## TRY IT
Looking at the listing below, retype exactly the lines starting at the one containing "Some entrances feel" and ending at the one containing "в форме барельефа;", both included, and nothing else.

## LISTED RECORDS
——————

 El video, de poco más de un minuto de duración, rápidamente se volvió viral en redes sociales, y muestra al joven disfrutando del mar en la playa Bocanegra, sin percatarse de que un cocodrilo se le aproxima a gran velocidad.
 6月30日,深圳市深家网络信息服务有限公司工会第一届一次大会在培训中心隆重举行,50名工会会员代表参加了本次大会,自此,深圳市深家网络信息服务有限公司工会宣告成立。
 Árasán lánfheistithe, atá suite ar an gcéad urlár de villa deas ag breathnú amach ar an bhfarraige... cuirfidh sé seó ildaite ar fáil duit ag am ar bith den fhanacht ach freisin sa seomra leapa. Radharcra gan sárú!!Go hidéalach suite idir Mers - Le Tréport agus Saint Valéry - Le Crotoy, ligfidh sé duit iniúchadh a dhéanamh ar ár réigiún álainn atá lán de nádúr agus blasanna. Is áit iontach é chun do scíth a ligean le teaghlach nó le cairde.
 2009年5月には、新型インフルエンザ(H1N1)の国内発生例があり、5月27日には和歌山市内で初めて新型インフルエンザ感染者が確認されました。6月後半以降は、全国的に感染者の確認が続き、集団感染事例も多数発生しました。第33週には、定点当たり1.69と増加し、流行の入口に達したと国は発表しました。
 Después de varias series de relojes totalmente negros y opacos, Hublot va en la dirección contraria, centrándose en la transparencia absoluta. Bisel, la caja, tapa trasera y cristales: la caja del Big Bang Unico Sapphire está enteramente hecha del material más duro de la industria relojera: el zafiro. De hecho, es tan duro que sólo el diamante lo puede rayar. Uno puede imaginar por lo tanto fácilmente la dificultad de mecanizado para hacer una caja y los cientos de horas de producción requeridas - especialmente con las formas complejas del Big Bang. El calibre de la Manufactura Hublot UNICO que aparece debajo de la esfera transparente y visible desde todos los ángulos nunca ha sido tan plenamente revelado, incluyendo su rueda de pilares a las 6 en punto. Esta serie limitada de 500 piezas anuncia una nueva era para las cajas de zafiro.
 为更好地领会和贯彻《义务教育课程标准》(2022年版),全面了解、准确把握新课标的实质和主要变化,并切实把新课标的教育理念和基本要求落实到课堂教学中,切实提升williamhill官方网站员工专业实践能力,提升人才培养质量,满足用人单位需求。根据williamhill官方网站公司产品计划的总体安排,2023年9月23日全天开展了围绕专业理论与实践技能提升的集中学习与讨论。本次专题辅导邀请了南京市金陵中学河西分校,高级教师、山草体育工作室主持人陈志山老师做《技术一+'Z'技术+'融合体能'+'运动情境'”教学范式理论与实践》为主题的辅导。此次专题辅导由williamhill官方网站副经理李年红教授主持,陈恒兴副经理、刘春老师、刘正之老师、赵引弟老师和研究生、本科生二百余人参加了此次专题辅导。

——————

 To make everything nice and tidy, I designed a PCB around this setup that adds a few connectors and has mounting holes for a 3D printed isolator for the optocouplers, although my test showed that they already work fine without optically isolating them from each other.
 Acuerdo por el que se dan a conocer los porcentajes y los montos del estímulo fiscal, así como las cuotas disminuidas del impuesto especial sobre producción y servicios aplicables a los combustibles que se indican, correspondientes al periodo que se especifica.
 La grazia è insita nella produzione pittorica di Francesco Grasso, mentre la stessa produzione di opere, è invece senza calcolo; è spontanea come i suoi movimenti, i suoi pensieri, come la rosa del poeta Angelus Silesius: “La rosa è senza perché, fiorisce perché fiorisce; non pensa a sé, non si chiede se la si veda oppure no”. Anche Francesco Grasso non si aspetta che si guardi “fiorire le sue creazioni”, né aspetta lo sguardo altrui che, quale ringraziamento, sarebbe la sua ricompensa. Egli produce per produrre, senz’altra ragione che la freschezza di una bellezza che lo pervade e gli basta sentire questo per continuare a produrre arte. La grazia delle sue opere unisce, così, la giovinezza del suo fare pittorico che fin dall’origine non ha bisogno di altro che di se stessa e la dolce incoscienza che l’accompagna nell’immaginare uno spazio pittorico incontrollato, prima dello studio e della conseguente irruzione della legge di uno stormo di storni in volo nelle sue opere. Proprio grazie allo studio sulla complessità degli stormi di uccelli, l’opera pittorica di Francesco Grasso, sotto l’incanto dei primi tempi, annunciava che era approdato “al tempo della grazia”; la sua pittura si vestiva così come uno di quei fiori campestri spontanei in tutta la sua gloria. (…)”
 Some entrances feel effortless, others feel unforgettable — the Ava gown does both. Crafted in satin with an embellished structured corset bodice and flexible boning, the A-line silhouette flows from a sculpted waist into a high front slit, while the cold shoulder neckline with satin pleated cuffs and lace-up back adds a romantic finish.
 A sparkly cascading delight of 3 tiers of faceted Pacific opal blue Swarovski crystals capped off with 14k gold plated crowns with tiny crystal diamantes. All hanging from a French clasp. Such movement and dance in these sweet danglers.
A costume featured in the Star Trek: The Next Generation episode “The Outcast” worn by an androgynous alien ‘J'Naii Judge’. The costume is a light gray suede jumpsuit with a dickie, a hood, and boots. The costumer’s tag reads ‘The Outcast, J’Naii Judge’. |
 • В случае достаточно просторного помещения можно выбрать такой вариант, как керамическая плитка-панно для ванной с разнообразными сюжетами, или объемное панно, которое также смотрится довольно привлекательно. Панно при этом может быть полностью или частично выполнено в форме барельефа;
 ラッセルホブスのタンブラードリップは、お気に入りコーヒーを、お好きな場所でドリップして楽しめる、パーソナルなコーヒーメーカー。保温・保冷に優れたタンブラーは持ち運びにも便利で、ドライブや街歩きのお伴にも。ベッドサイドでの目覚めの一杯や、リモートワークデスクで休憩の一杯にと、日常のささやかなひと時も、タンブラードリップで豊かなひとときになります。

——————

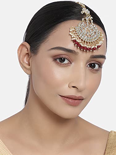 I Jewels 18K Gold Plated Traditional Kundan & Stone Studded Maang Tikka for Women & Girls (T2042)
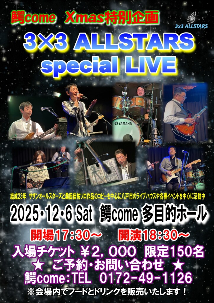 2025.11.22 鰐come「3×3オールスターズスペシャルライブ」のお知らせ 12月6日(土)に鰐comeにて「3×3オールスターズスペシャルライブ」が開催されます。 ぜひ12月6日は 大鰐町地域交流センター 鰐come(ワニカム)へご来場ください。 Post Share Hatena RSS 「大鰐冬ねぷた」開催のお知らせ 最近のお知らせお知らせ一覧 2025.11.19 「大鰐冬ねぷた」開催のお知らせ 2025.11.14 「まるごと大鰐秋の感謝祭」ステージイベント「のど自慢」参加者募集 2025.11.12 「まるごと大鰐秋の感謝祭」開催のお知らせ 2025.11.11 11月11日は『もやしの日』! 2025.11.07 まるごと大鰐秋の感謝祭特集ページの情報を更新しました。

——————

## ANSWER TO THIS PROBLEM
 Some entrances feel effortless, others feel unforgettable — the Ava gown does both. Crafted in satin with an embellished structured corset bodice and flexible boning, the A-line silhouette flows from a sculpted waist into a high front slit, while the cold shoulder neckline with satin pleated cuffs and lace-up back adds a romantic finish.
 A sparkly cascading delight of 3 tiers of faceted Pacific opal blue Swarovski crystals capped off with 14k gold plated crowns with tiny crystal diamantes. All hanging from a French clasp. Such movement and dance in these sweet danglers.
A costume featured in the Star Trek: The Next Generation episode “The Outcast” worn by an androgynous alien ‘J'Naii Judge’. The costume is a light gray suede jumpsuit with a dickie, a hood, and boots. The costumer’s tag reads ‘The Outcast, J’Naii Judge’. |
 • В случае достаточно просторного помещения можно выбрать такой вариант, как керамическая плитка-панно для ванной с разнообразными сюжетами, или объемное панно, которое также смотрится довольно привлекательно. Панно при этом может быть полностью или частично выполнено в форме барельефа;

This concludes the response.